The software intergen is the most comprehensive among the three options available for analyzing genetic data using Bayesian and frequentist methods. It employs computational techniques to manage sparse operations and solve the MME for single-trait, multi-trait, and random regression models, which are commonly used in genetic analysis. The software can estimate variance components (Bayesian only) and derive solutions. INTERGEN enables users to define complex models with unlimited random and fixed effects. The MME are constructed and allocated in memory for Bayesian and BLUP analysis.

The software shares most components (i.e., modules, subroutines, and functions) for building equations between the Bayesian and BLUP methods. The most computationally demanding step in the analysis involves executing matrix operations, including ordering, symbolic and numerical factorization, and inversion. Among these, factorization and sparse inversion operations are the most resource-intensive (Junqueira et al., 2022b). In BLUP analysis, the MME solutions can be derived by exact inversion of the coefficient matrix or by using iterative techniques like PCG. All operations in the software are executed by allocating the equations in memory. Therefore, the computational capacity of the software depends on the RAM available in the user’s computer. Computational limitations arise in large-scale analyses when all equations cannot be allocated in memory, particularly in multi-trait genomic analyses, and when prediction error variance (PEV) is required from the coefficient matrix inverse. For example, when analyzing over 25,000 genotyped individuals in multi-trait models, the software intergeniod is necessary for solving mixed-model equations using iteration on data (IOD), as RAM would reach its limits on most servers.

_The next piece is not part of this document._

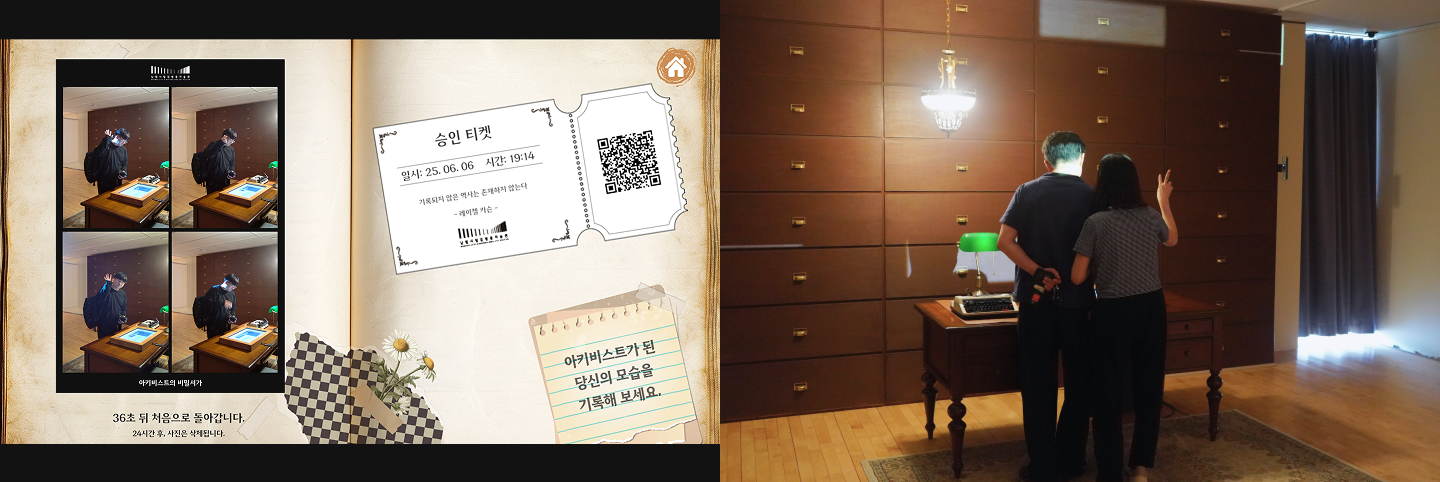 ‘아키비스트의 서재’를 컨셉으로, 참여자가 공간의 분위기 속에서 실제 아키비스트가 된 것처럼 사진을 남길 수 있는 포토 키오스크를 연출 및 제작했습니다.이곳에서 남긴 특별한 순간은 QR 코드를 통해 간편하게 저장할 수 있습니다.

The intergeniod software utilizes the IOD technique with PCG to solve the MME and obtain solutions for all the fixed and random effects specified in the model. This software is recommended whenever BLUE and BLUP solutions for large datasets are required and allocating memory for all equations is not feasible due to memory constraints. Schaeffer and Kennedy (1986) were responsible for the first IOD implementation in animal breeding. These authors implemented IOD with successive overrelaxation (SOR), which requires sorting the equations in a predefined order to solve them efficiently when allocated in memory. However, it is not flexible enough to handle different models without modifying the algorithm (Lidauer et al., 1999; Strandén and Lidauer, 1999). On the other hand, PCG is generic enough to handle any model with unlimited covariates and cross-classified effects. Below is a generic version of the PCG solver algorithm. Assume an MME denoted as Ax = b in which A is the left-hand side matrix, x is the vector of unknown solutions, and b is the right-hand side matrix. In the PCG, some vectors need to be initialized before starting the loop process, which is supposed to stop when reaching the convergence criteria defined by the user (default is 10¹²). The initial values of the scalars and vectors are n = 0, w = 0, x = 0, r₀ = b − Ax₀, d₀ = M⁻¹r₀, f₀ = r'₀d₀.

Figure 1

Note that only a few vectors must be allocated in memory in this solver. In each iteration, the algorithm updates the solution vector x_n, the residual vector r_n, and the search direction d_n. The matrix-vector product q_n = Ad_n-1 is used to compute the step size (α_n). The f_n is a scalar representing the inner product of the residual and its preconditioned form. The direction vector is then updated using β_n, ensuring the conjugacy of successive directions. The most complex computation is related to derivation q = Ad as it requires estimating all elements of the coefficient matrix without allocating them in memory and multiplying them by the vector d. Tsuruta et al. (2001) stated that the preconditioner matrix (M) influences the convergence rate of PCG. The more straightforward construction—and more computationally efficient in terms of memory savings—of this square and symmetric matrix can become a vector if only diagonals of the coefficient matrix are utilized. Other possibilities rely on block diagonal structure, resulting in faster convergence rates at the expense of using more memory.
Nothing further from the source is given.